| Ford: Grooming his second-in-command (Reuters)
Detroit, Nov. 15: The Ford Motor Co. on Thursday expanded the duties of David W. Thursfield, one of its top executives, reinforcing speculation that Thursfield is being groomed to eventually take the No. 2 spot at the company under its chairman and chief executive William Clay Ford Jr.
Ford’s foreign businesses were consolidated under Thursfield, 57, who was promoted from group vice-president to executive vice-president and named president of international operations. The company also named James J. Padilla, 56, an executive vice-president as well as president of North American operations. He had been group vice-president for those operations.
The moves solidified Thursfield and Padilla as the top Ford executives besides William Clay Ford Jr. and Nicholas V. Scheele, the company’s chief operating officer. It also separated the company’s automotive operations into two clear reporting groups.
“By elevating the leaders of the company’s two automotive units, we’re further sharpening the focus on our core business,” William Clay Ford Jr. said.
As part of his expanded duties, Thursfield will oversee the company’s Premier Automotive Group, the luxury unit that includes Volvo, Aston Martin, Jaguar and Land Rover and is considered crucial to the company’s turnaround plan. Thursfield will also oversee another Ford unit, Mazda, in his new capacity.

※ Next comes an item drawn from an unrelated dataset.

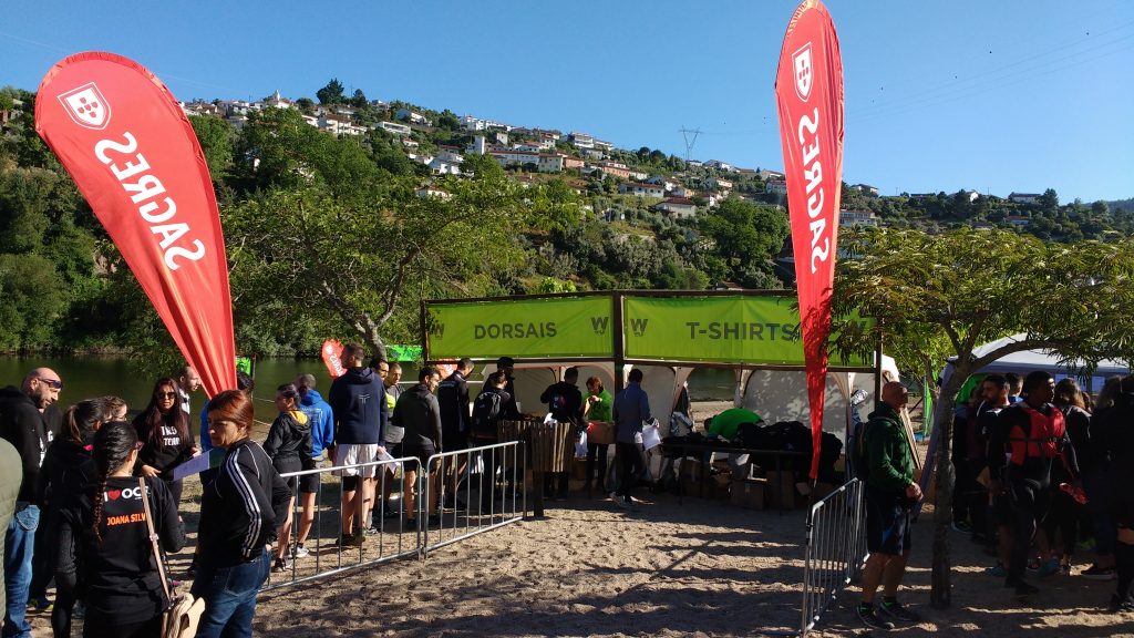 Blauer Himmel, Sonnenschein, ein glasklarer Fluss mit einem Sandstrand und zum Drüberstreuen eine einladende Beachbar mit kühlen Bieren vom Fass … die Lauflaune viel kurzfristig ins Bodenlose 🙂 Von dem „Schock“ erholten wir uns aber schnell wieder und spazierten erst einmal zur Registration. Den im Vorfeld per Mail übermittelten Informationen konnte man mit Hilfe von Google Translate (Englisch gibt es fast nix an Info) entnehmen, dass ein Haftungsausschluss unterzeichnet mitzubringen sei. Den hatten wir so natürlich dabei und nach kurzem Check der Daten wurden uns die Startnummern in die Hand gedrückt. Gleich im Zelt daneben gab‘s die Tshirts und das war es dann auch.

The additional duties make Thursfield a busy man. He already serves as chairman and chief executive of Ford of Europe and oversees operations in the Asia Pacific and South America. And he has a prominent role in the entire company as head of global purchasing.
Much speculation has focused on the increasing prominence of Thursfield, if for no other reason than analysts see him as a tough-minded cost cutter at a time when Ford Motor desperately needs such a person. The company, which lost $ 5.5 billion last year, reiterated Thursday that its fourth quarter net income will be less than the 12 cents a share it earned in the third quarter.
That was not a surprise to Wall Street, but Stephen Girsky, an auto industry analyst with Morgan Stanley, said it was further evidence that Ford Motor’s restructuring program was failing to gain traction.
“For a company to earn less in the fourth quarter than in the third quarter is very unusual in this business,” he said. Car companies generally incur their heaviest expenses for new vehicles in the third quarter, while the fourth quarter is one of the strongest periods of the year for sales.
In contrast to turnaround efforts at Chrysler and Nissan, both of which showed quick results, “this plan is slow in getting started,” Girsky added.